After you have installed and activated FIPS, you can switch between the FIPS 140-2 and FIPS 140-3 modes at any time with a change to the configuration file and a restart of Splunk Enterprise.

  1. Use a text editor to edit the $SPLUNK_HOME/etc/splunk-launch.conf configuration file.
  2. Specify which FIPS mode in which you want to operate by changing the SPLUNK_FIPS_MODE line in the file to use the FIPS version you want.To operate in FIPS 140-2 mode, change the line in the file to:
    SPLUNK_FIPS_MODE=140-2

    To operate in FIPS 140-3 mode, change the line in the file to:

    SPLUNK_FIPS_MODE=140-3
  3. Save the splunk-launch.conf file and close it.
  4. Restart Splunk Enterprise.

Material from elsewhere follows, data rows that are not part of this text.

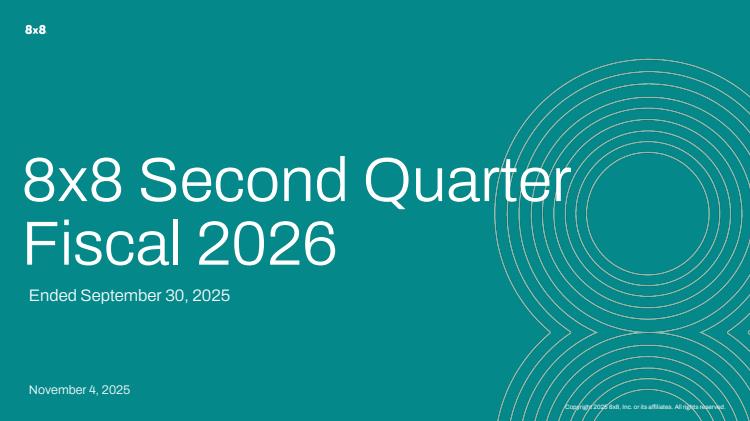 8x8, Inc. provides voice, video, chat, contact center, and enterprise-class application programmable interface (API) Software-as-a-Service solutions for small and mid-size businesses, mid-market and larger enterprises, government agencies, and other organizations worldwide. The company offers unified communications, team collaboration, video conferencing, contact center, data and analytics, communication APIs, and other services. It provides 8x8 Work, a self-contained end-to-end united communications solution that delivers enterprise voice with public switched telephone network connectivity, video meetings, and unified messaging, as well as direct messages, public and private team messaging rooms, and short and multimedia services; 8x8 Contact Center, a multi-channel cloud-based contact center solution; and 8x8 CPaaS, a set of global communications Platform-as-a-Service. The company also offers and X1 through X4 and X5 through X8, which provide enterprise-grade voice, unified communications, and video meetings and team collaboration, and contact center solutions. It markets its services to end users through search engine marketing and optimization, third-party lead generation sources, industry conferences, trade shows, Webinars, and digital advertising channels, as well as direct sales organization. The company was incorporated in 1987 and is headquartered in Campbell, California.
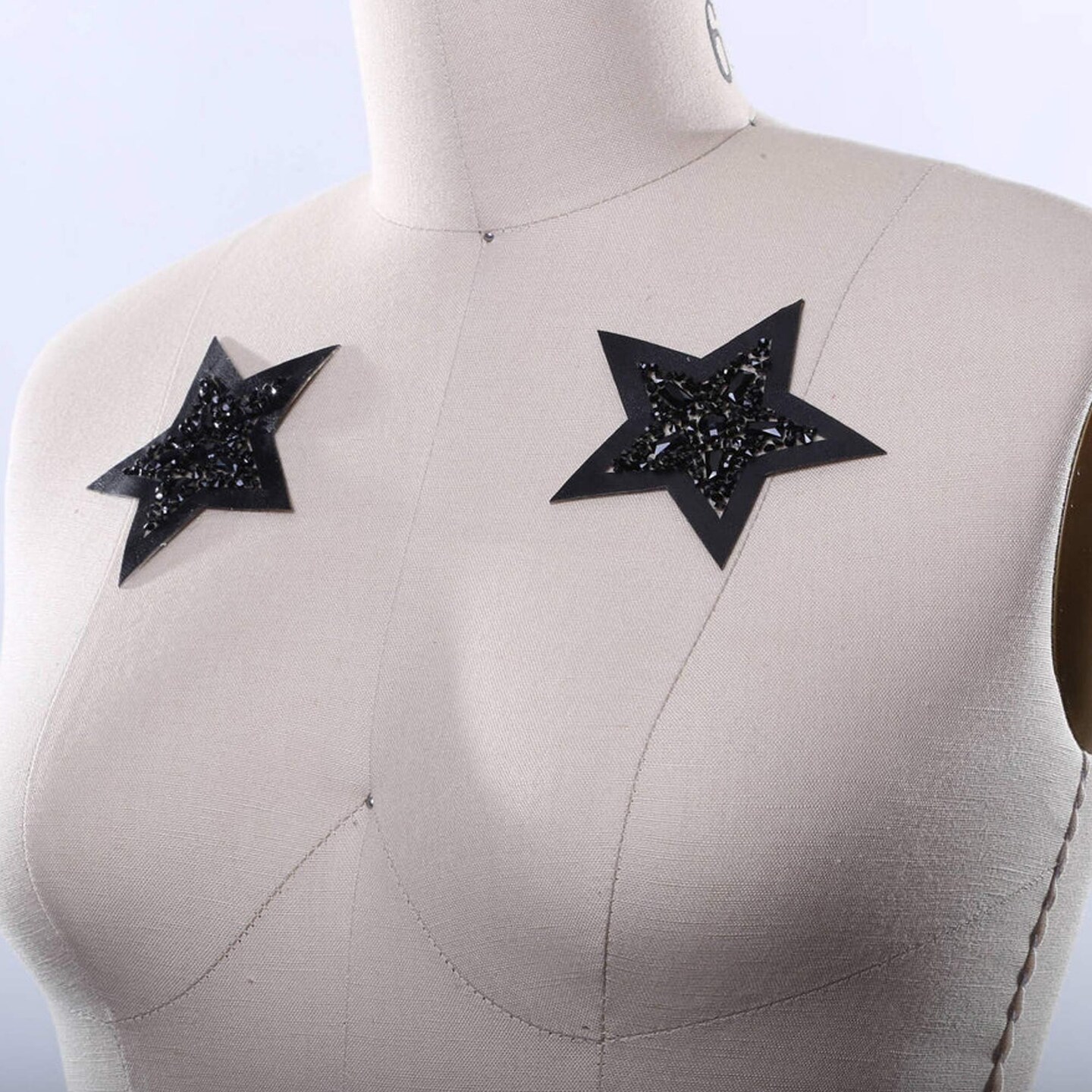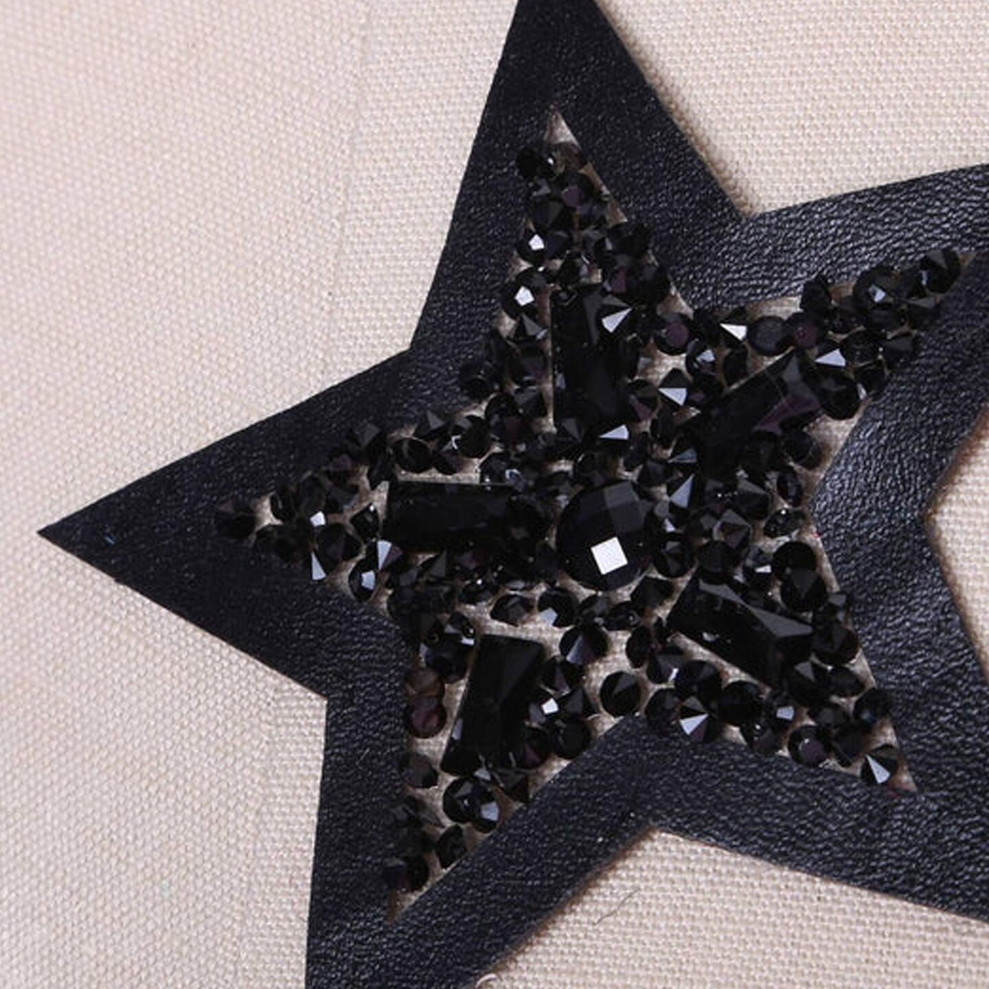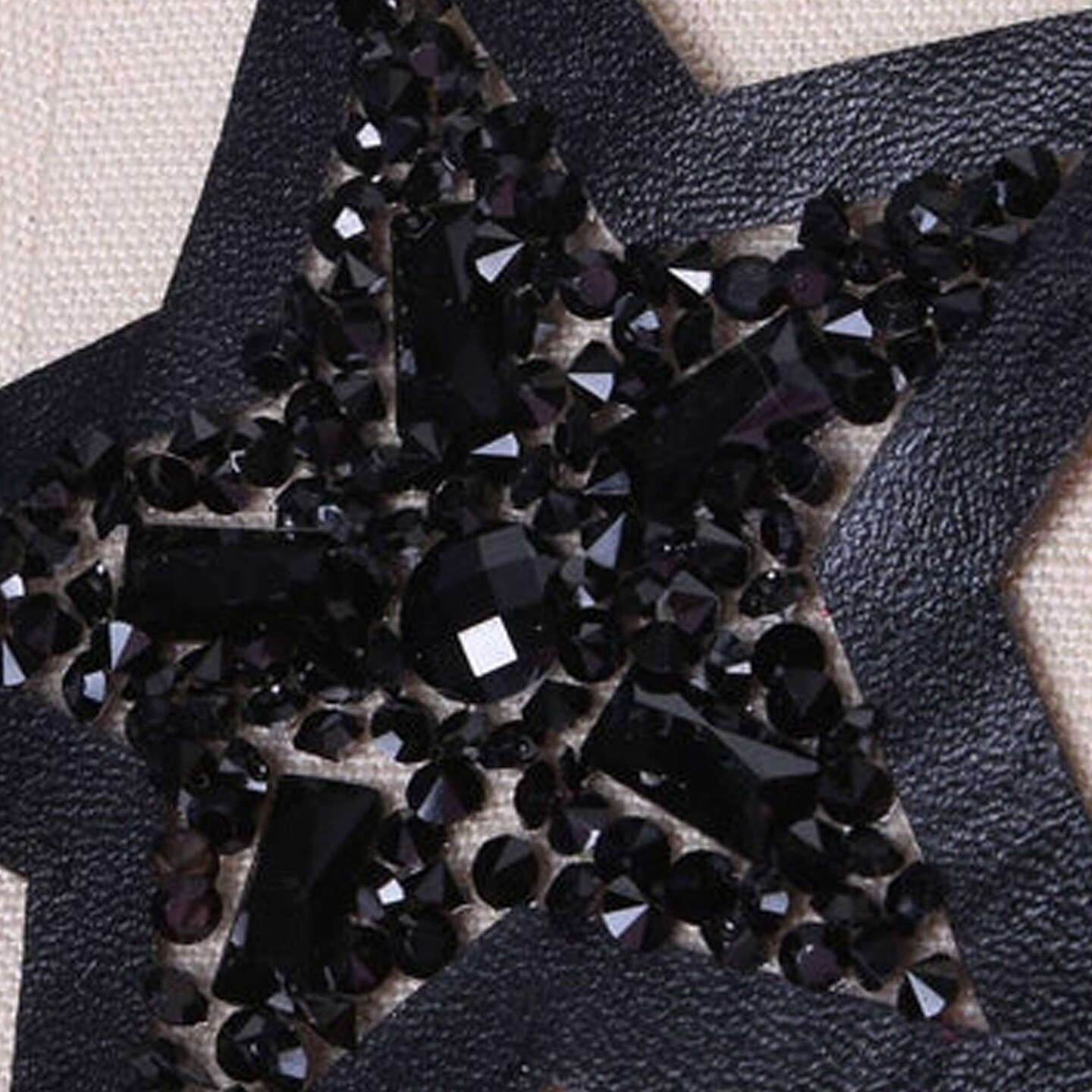 3.5" Black Star with Faux Leather Beaded Iron On Applique Large Patch
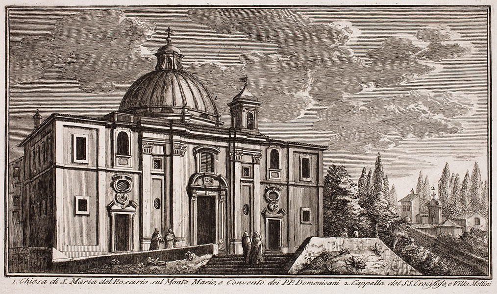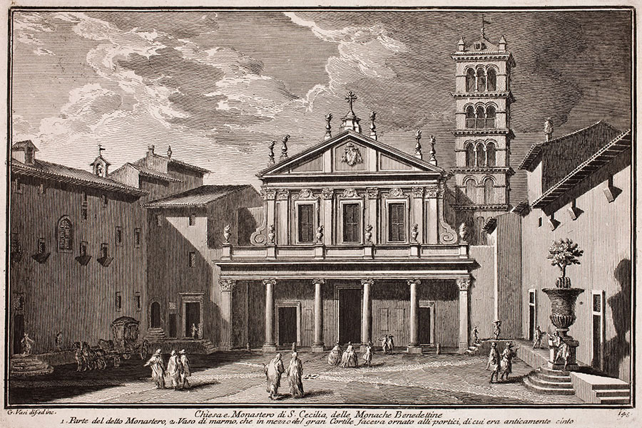 Na przestrzeni stuleci zdanie to było wielokrotnie cytowane i wykorzystywane w różnych sytuacjach, nie dziwi więc, że Vasi uczynił z niego motto przedstawionego widoku, zwłaszcza, że i on był autorem przewodnika po Rzymie. Wpadł on na pomysł napisania takiego przewodnika po sukcesie, jaki odniosło jego monumentalne 10-tomowe dzieło graficzne wydawane w latach 1747–1761 O wspaniałościach Rzymu antycznego i współczesnego (Sulle magnificenze di Roma Antica e Moderna). Publikacja ta stanowiła kompleksowe opracowanie zabytków Rzymu. Poszczególne woluminy poświęcone świątyniom i kościołom, pałacom, willom i ogrodom, placom, mostom, bramom i murom, itd. zawierały setki akwafortowych widoków z zabytkowymi budynkami i budowlami, ze szczegółowymi opisami i planami, na których zaznaczone były obiekty. W zbiorach Muzeum Narodowego we Wrocławiu znajduje się tablica 129. z Księgi VII tego wydawnictwa przedstawiająca kościół Matki Boskiej Różańcowej, a także tablica 145. z Księgi VIII, z widokiem kościoła św. Cecylii.
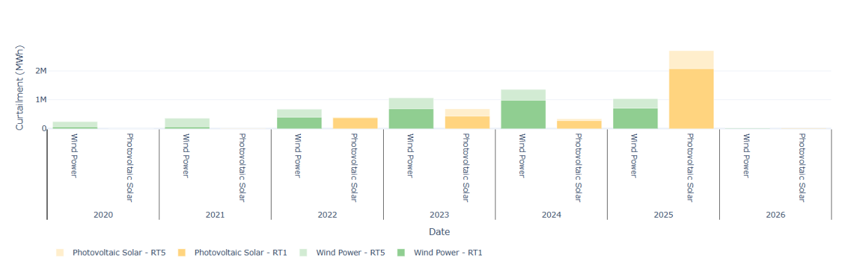 2025 es, sin duda, el año del apagón. Pero también lo es de los curtailments para las tecnologías renovables, sobre todo para la solar fotovoltaica. Las pérdidas de energía han llegado el año pasado en el sistema eléctrico español a niveles insospechados, tanto, que algunos activos están en quiebra total.
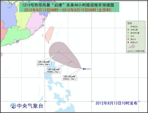 据监测,今年第13号热带风暴“启德”(KAI-TAK,名字来源:中国香港,名字意义:香港旧机场名)于8月13日08时在台湾鹅銮鼻东南方约920公里的西北太平洋洋面上生成,就是北纬16.9度,东经127.8度,中心附近最大风力有8级(18米/秒),中心最低气压为998百帕。
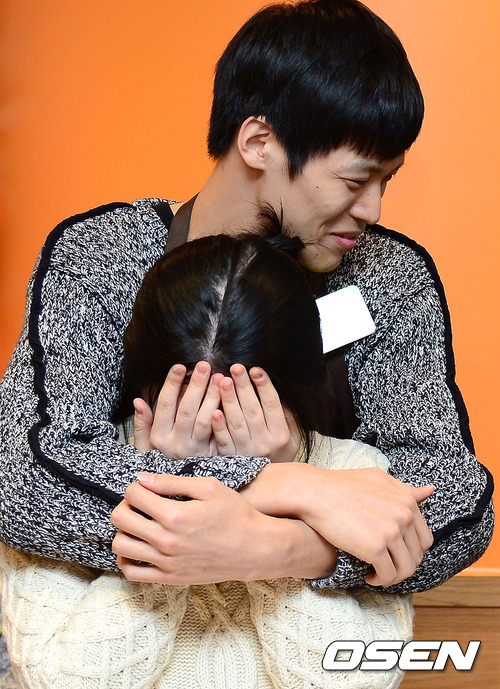 SK 김선형이 여성 팬과 포옹을 하고 있다.
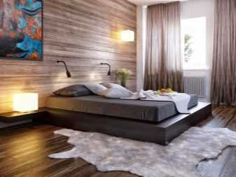 В опочивальне охотника выигрышно будет выглядеть брошенный под ноги “трофей” – шкура волка или медведя. Дизайнеры предусмотрели и такой вариант прикроватного ковра
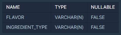 - 기본 키는 FLAVOR

Splunk Enterprise begins using the FIPS module that you specified.
Note:

Do not put multiple SPLUNK_FIPS_MODE lines in the file.

Use indexes with FIPS mode turned on

A Splunk Enterprise instance that operates in FIPS mode neither alters the data it has indexed nor changes how it handles that data in any way. You can copy indexes between FIPS and non-FIPS indexers.

Confirm FIPS mode status

You can use the Splunk CLI, a REST endpoint, or a Splunk search to determine whether or not the Splunk instance is in FIPS mode.

The following CLI command returns FIPS mode status: 

splunk show fips-mode -auth <username>:<password>
  • If FIPS mode is on, the CLI command returns FIPS mode enabled.
  • Otherwise, it returns FIPS mode disabled.

The following REST call returns FIPS mode status: 

curl -s -k -u admin:changeme https://localhost:8089/services/server/info | grep fips_mode

If FIPS mode is on, this call returns the following: 

<s:key name="fips_mode">1</s:key>

The following Splunk search returns FIPS mode status: 

"| rest splunk_server=local /services/server/info | fields fips_mode"

If FIPS mode is on, the search returns the following: 

fips_mode
---------
        1

Troubleshoot Splunk Enterprise in FIPS mode

  • If your Splunk Enterprise instance is in FIPS mode and the Rivest-Shamir-Adelman (RSA) encrypted private keys that you usually use do not work, those keys might be incompatible with FIPS. To mitigate this issue, you can convert your Privacy Enhanced Mail (PEM) private key to the Public Key Cryptography Standards #8 (PKCS 8) format to make them compatible.
  • After you install Splunk software without FIPS mode turned on, you cannot later turn FIPS mode on, even during an upgrade. If you require FIPS compliance, confirm that your initial Splunk Enterprise installation is FIPS-enabled. To change to a version running FIPS mode, reinstall Splunk Enterprise and use the procedure in this topic to enable FIPS.
  • If you have problems running a Splunk app, confirm that it is certified to run in FIPS mode and does not have dependencies on cryptographic algorithms that FIPS turns off, such as MD5 and RC4.